## Aim of the exercise
Look through the entries below and copy exactly the part that begins with the line containing "创维(Skyworth)电视75A5D Pro 电视75英寸" and ends with the line containing "снижает объем производства.". Do not copy the pictures.

## Task data
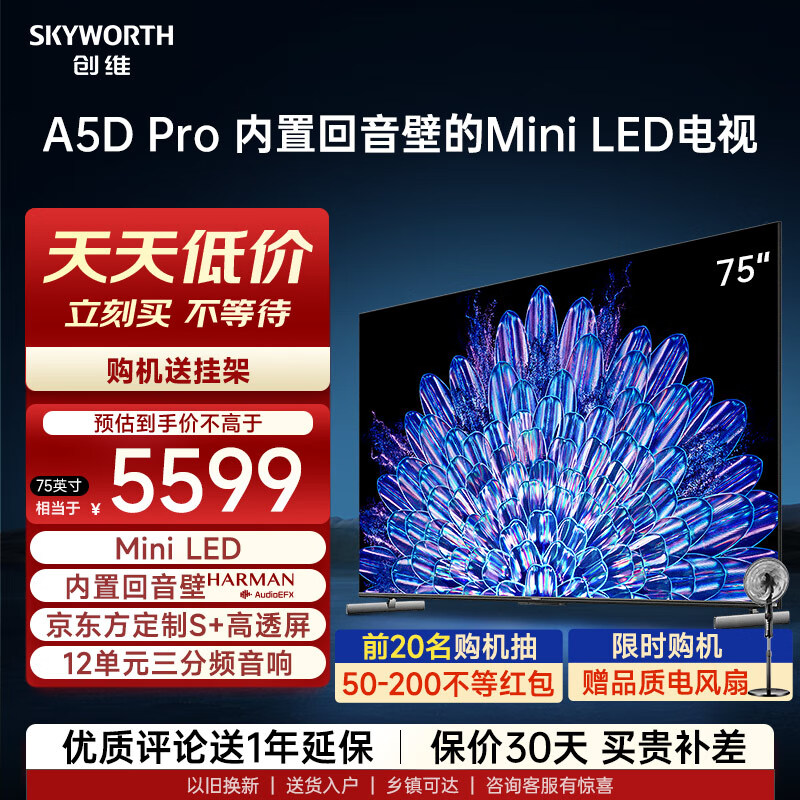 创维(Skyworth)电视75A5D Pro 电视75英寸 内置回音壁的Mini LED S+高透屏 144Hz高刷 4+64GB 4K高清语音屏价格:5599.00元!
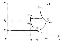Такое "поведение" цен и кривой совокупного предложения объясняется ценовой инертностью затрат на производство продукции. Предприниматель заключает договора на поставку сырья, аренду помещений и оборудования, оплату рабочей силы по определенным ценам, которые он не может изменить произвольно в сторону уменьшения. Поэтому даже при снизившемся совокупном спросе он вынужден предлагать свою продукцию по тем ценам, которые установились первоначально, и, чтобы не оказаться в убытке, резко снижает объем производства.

---

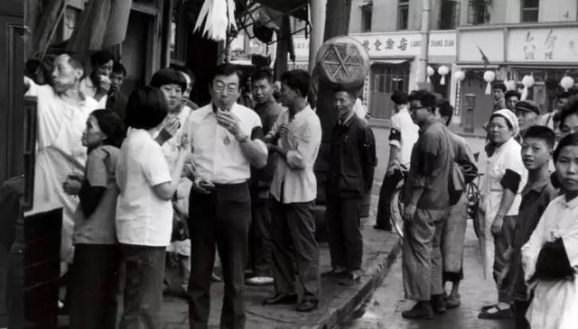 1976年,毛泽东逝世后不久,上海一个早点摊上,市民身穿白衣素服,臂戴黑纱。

## Response to the task
 创维(Skyworth)电视75A5D Pro 电视75英寸 内置回音壁的Mini LED S+高透屏 144Hz高刷 4+64GB 4K高清语音屏价格:5599.00元!
Такое "поведение" цен и кривой совокупного предложения объясняется ценовой инертностью затрат на производство продукции. Предприниматель заключает договора на поставку сырья, аренду помещений и оборудования, оплату рабочей силы по определенным ценам, которые он не может изменить произвольно в сторону уменьшения. Поэтому даже при снизившемся совокупном спросе он вынужден предлагать свою продукцию по тем ценам, которые установились первоначально, и, чтобы не оказаться в убытке, резко снижает объем производства.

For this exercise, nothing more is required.